But mergers will cut costs, so tackling unions critical


The finance minister is doing nothing more than stating the obvious when he says the country needs strong banks rather than a large number of lenders. Moreover, given almost every state-owned lender is in a bad shape, what is also obvious is that the merger of two bad banks cannot result in a good one. Nevertheless, an expert committee to look into the merits of merging banks, a move that has been debated several times over the past decade, can’t hurt. It is possible a careful consideration of the situation might throw up some new ideas. The big difference today is that the balance sheets of banks are in poor condition and even truckloads of capital might not be enough to get them back on track. The government’s estimate that banks need R1.8 lakh crore of capital by FY19 doesn’t sound right to analysts who believe the number could be closer to R2.5-3 lakh crore. Whether or not the government, which is clearly short on resources, should continue to capitalise them with taxpayers’ money is debatable. As it is, coming up with the promised R25,000 crore for FY16 has been difficult. And, unless they are willing to sell their shares for a song, raising capital from the stock market is out of the question.

Therefore, the government must impress upon the unions—who will move heaven and earth to prevent merger—that some consolidation is necessary, if nothing else to bring down costs. It must convince them that in the absence of tough measures several banks could end up becoming insolvent, resulting in a large number of people losing their jobs. Talking to unions, who can be a selfish and self-serving lot, is never easy. But, if the government is serious about resurrecting banks and making them operationally efficient—even if they are not merged—costs need to be brought down.

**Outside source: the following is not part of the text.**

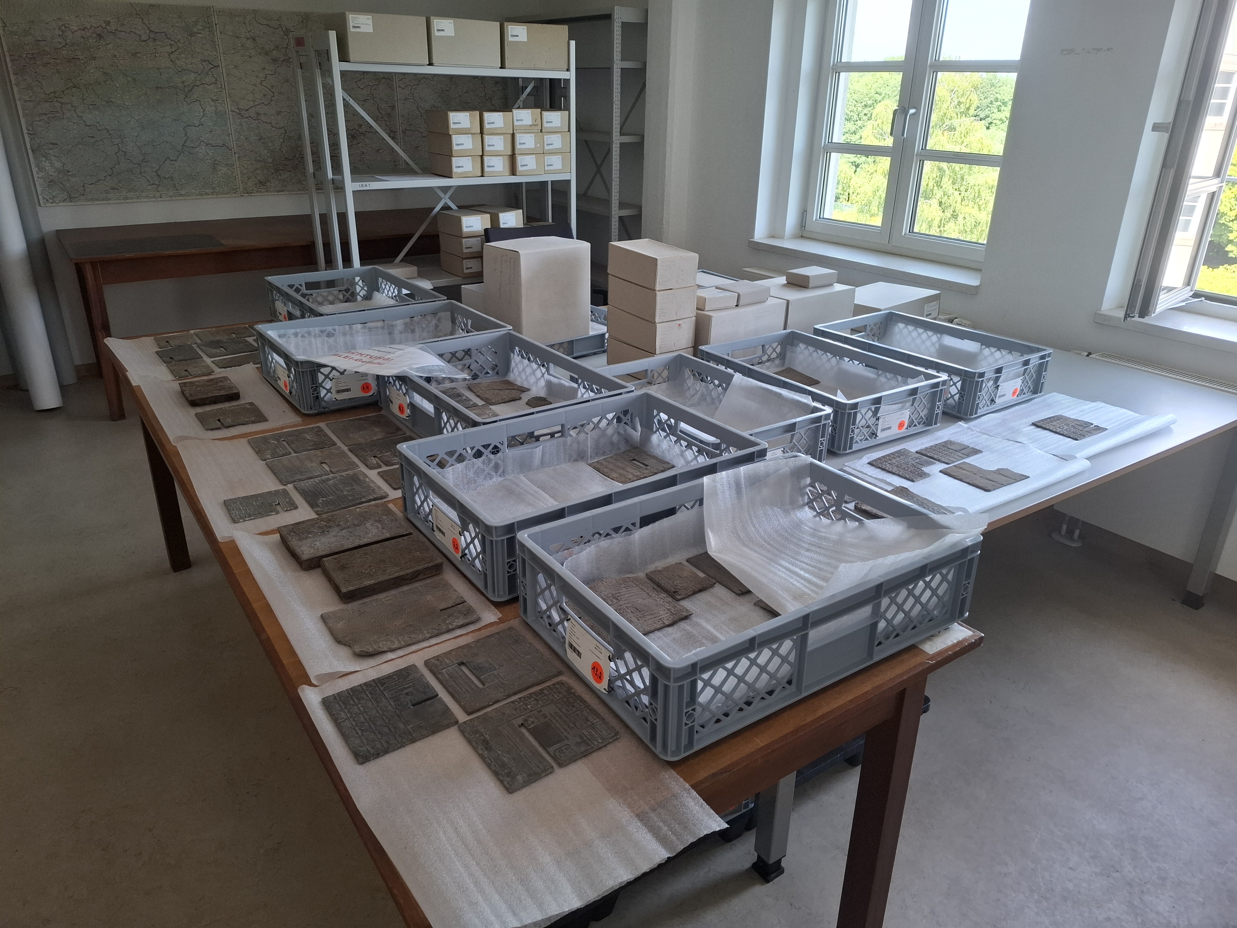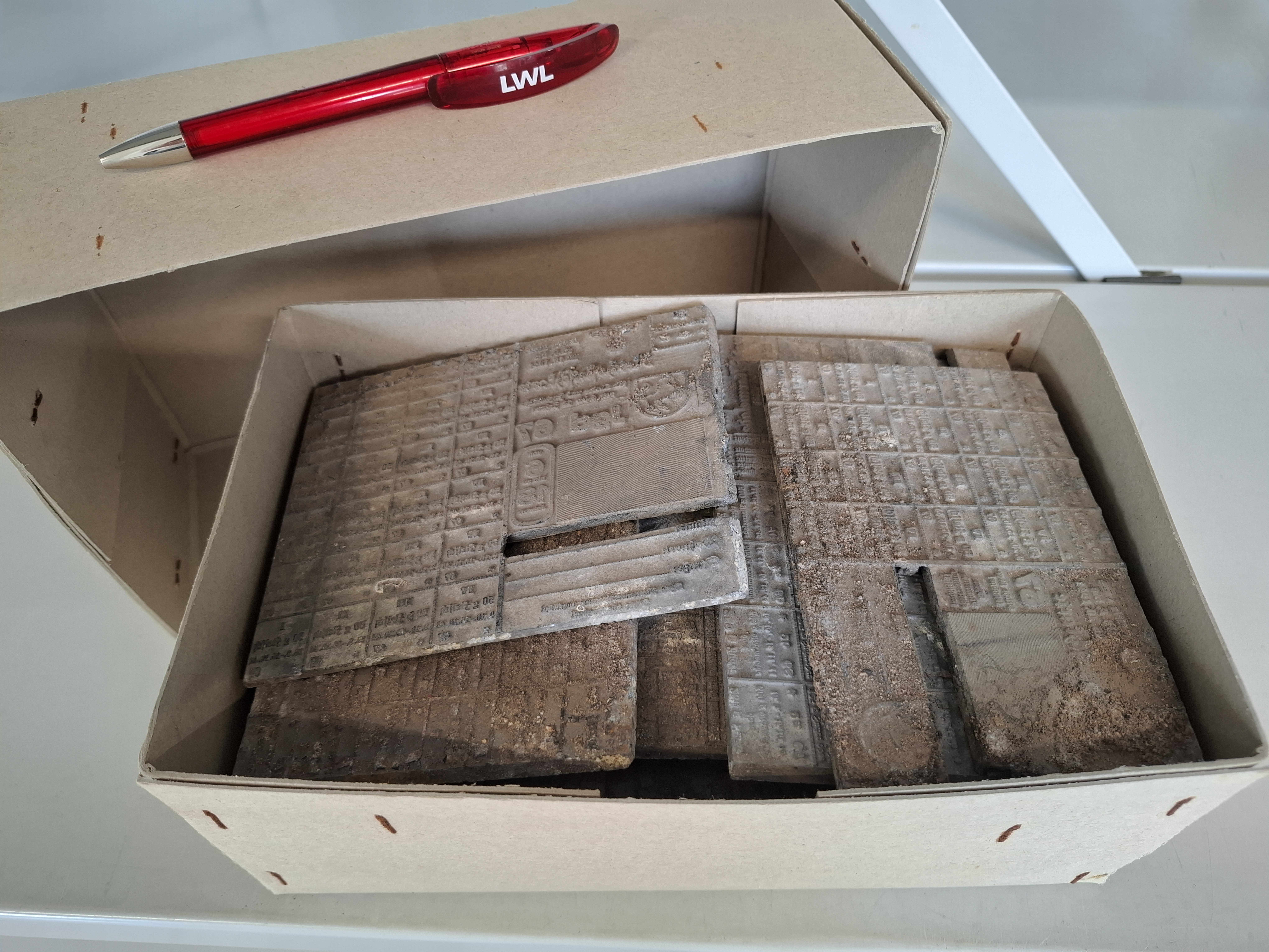 Übrigens kann man drei solcher Druckplatten in unserem LWL-Museum für Archäologie und Kultur in Herne besichtigen. Sie stammen aus dem Schutt der 1944/45 ausgebombten Druckerei Regensberg neben dem Domplatz in Münster. Da auf dem Karton im Fundarchiv der Fundort „Münster ?“ vermerkt ist, liegt die Vermutung nahe, dass auch diese Druckplatten von dort stammen.

Increasingly, technology is driving transactions and, therefore, IT platforms need to be beefed up and branches downsized. Else, private sector banks which are ahead in the race to make transacting more customer-friendly with the use of net banking and apps will leave state-owned lenders far behind. Unfortunately, costs have not been in focus at either of the two Gyan Sangam banking conclaves. But a comparison of the cost-to-income ratios for state-owned banks and private sector lenders makes it apparent the former need to shed some flab; in FY14, for instance, Bank of Baroda’s cost-to-income ratio was 82% while for Kotak Mahindra Bank, it was 74.4%. The government must convince the unions that revamping state-owned lenders completely and making them leaner is necessary to help them compete with their private sector peers. Else, they will slowly lose market-share, making them altogether unviable. The private sector already has close to a fourth of the loan market and close to 40% of the fee market—in FY05, these figures were, respectively, just 16% and 25%. A merger will not solve all problems, but it can help lower costs and allow the management focus on technology-driven transactions.